GSoC 2022 Project Idea 10.5: Improved parser for model descriptions (175 h)

malin · February 3, 2022, 10:57am

Computational research in biology commonly consists of describing a model system and its parameters, simulating the system with specialized software, and then analyzing the results. Model descriptions often make use of a domain-specific language that is parsed and interpreted by the simulation software. Such languages have the advantage that they are more accessible to researchers than code written in a general-purpose programming language; they also make it easier to discuss and share models with other researchers.

Parsing such languages is mostly straightforward with standard techniques, but these techniques regularly have at least two shortcomings: 1) For syntactically incorrect descriptions, e.g. a missing parenthesis, error messages are typically not very helpful and of the form “unexpected symbol at position x”, and 2) annotations via comments are usually simply ignored, instead of being used to enrich a model description.

Both of these shortcomings are currently present in the Brian simulator, an open-source simulator for biological spiking neural networks written in Python, developed in our research group and used by researchers world-wide. The Brian simulator describes models with a domain-specific language that uses mathematical notation with additional annotations, e.g. to assure the consistency of physical dimensions.

The goal of this internship is to rewrite the Brian simulator’s parsing code to give clear and helpful error messages for incorrect model descriptions, as well as treating comments in the model descriptions as annotations that are stored for future usage.

Planned effort: 175h

Skills: Python programming, parser/compiler techniques

Skill level: intermediate

Mentors: Marcel Stimberg @mstimberg, Dan Goodman @d.goodman

Tech keywords: Brian, Python, parser

KyraZzz · March 9, 2022, 8:44am

Hi @mstimberg and @d.goodman ! I am interested in contributing to this project, can you give me some guidance on where to start? Thanks in advance!

mstimberg · March 11, 2022, 11:11am

Hi @KyraZzz . Thank you for the interest in our project. As a first step, I’d get familiar with the Brian simulator itself (https://briansimulator.org for general information and links to the documentation, etc.), and in particular with its system for equations (see e.g. the documentation and the model description section in our 2014 paper).
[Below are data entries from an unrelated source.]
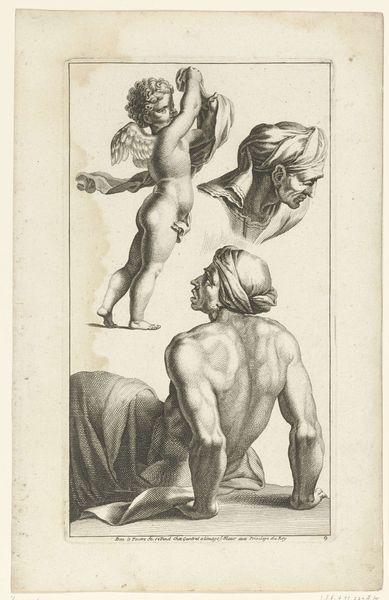 Editor: Here we have "The Three Graces," an etching by Pieter Tanjé. The figures have this really fascinating quality, almost like a study rather than a completed piece. How should we understand this particular iteration? Curator: Think about the materiality first. It’s a print –an etching– so its value initially resided in its reproducibility. It wasn't about unique artistic genius but about circulating a specific ideal, readily available to a burgeoning art market. Editor: So the medium itself democratizes the image, to some extent? Curator: Precisely! Consider the cost of production versus, say, an oil painting. Who had access? These images, multiplied through printmaking, shaped taste and transmitted ideologies far and wide. And the material of paper itself suggests a different type of consumption than, say, a large-scale sculpture intended for a wealthy patron's villa. This one is for study, not spectacle, and so we must reflect upon the economic status of those able to afford educational tools, like printed images. Editor: That's fascinating. It almost reframes how we look at even classical subjects like the Graces. The focus is not as much on an idealized view as the commercialization of classic ideals. Curator: Indeed. Furthermore, the red chalk echoes the materiality, as red chalk drawings and prints of this colour were popular methods for students to learn figure drawing, mimicking ancient statues that also would have this monochromatic colour, which aids with the study of anatomy and form. Editor: It gives you a lot to think about. I hadn't really considered the role of prints in spreading certain images to specific markets. Curator: It’s about decentering the singular artwork and acknowledging its role within broader economic and social systems of its time. The power is in how it circulates.
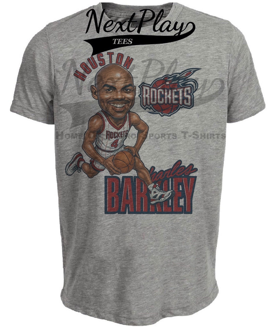 Houston Rockets Charles Barkley Retro Basketball 1996 Artwork Heather Gray Sublimated T-Shirt
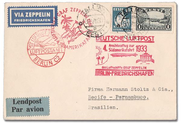 1933 (Aug 5-8), 4th South America Flight (Michel 323 b), cover franked with 1.40k postage tied by Jul 31 Tallinn c.d.s.s, with Berlin connecting flight cachet and all appropriate markings, Very Fine. Michel €480 ($520). (Image)
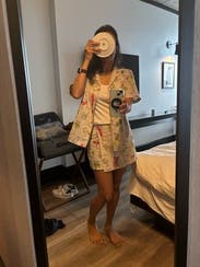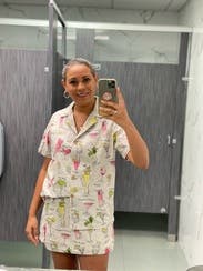 Rent the set!!! This was way too fun. I wore this running around one weekend and felt a little awkward when I dropped my daughter off at a birthday party wearing a short set covered in cocktails but whatever 🤣 Will rent again for vacation. The shorts fit very well and are super comfortable. Super high quality!
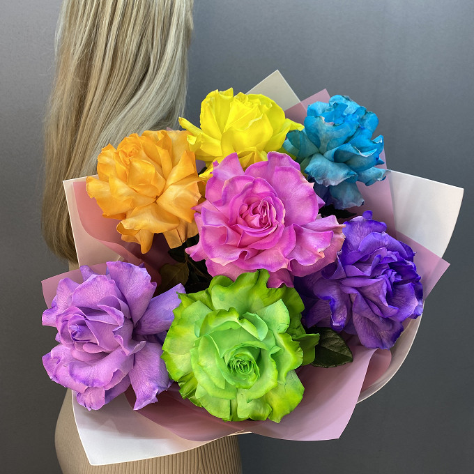 7 белых роз Кения, 40 см в зелёной матовой плёнке
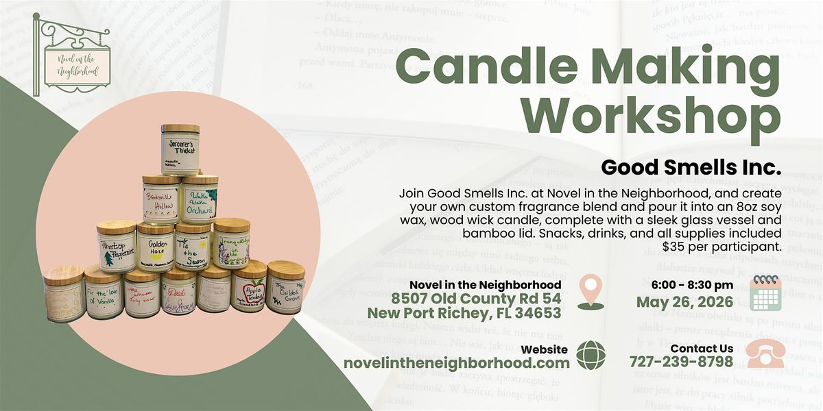 Join Good Smells Inc for a cozy, creative evening at Novel in the Neighborhood on May 26th from 6:00–8:30 PM
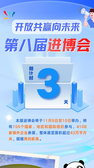 进博会倒计时3天 开放共赢向未来 第八届中国国际进口博览会将于11月5日至10日举办。目前,各项筹备工作已基本就绪,将有155个国家、地区和国际组织参与,4108家境外企业参展,整体展览面积超过43万平方米,规模再创新高。
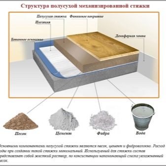 لعمل ذراع تسوية شبه جاف ، تحتاج إلى اختيار سلسلة خاصة من الخرسانة والرمل. تحقق لمعرفة ما إذا كانت الشركة المصنعة تستخدمهم في إجراءات التخشين. ولا يهم هنا ما إذا كنت تريد صنع ماء دافئ أو أرضية كهربائية. يتكيف هذا المزيج جيدًا مع التغيرات في درجات الحرارة ، وهو مستقر ، وهذه هي المزايا الرئيسية.

I’ll try get back to you with some more suggestions soon.

mstimberg · March 25, 2022, 9:29pm

We have now posted some general recommendations for GSoC applications to our website, please have a look: Recommendations for GSoC 2022 applications | The Brian spiking neural network simulator

Regarding this project more specifically, please include in the application a detailed description of the current equation parsing mechanism. The project goals mention error messages: please come up with a number of “realistic” errors a user could make when writing equations, and document the error messages gives in these situations. Ideally, what kind of error message would the user prefer? In more general terms, what kind of parsing techniques do you know and what are their respective advantages/disadvantages?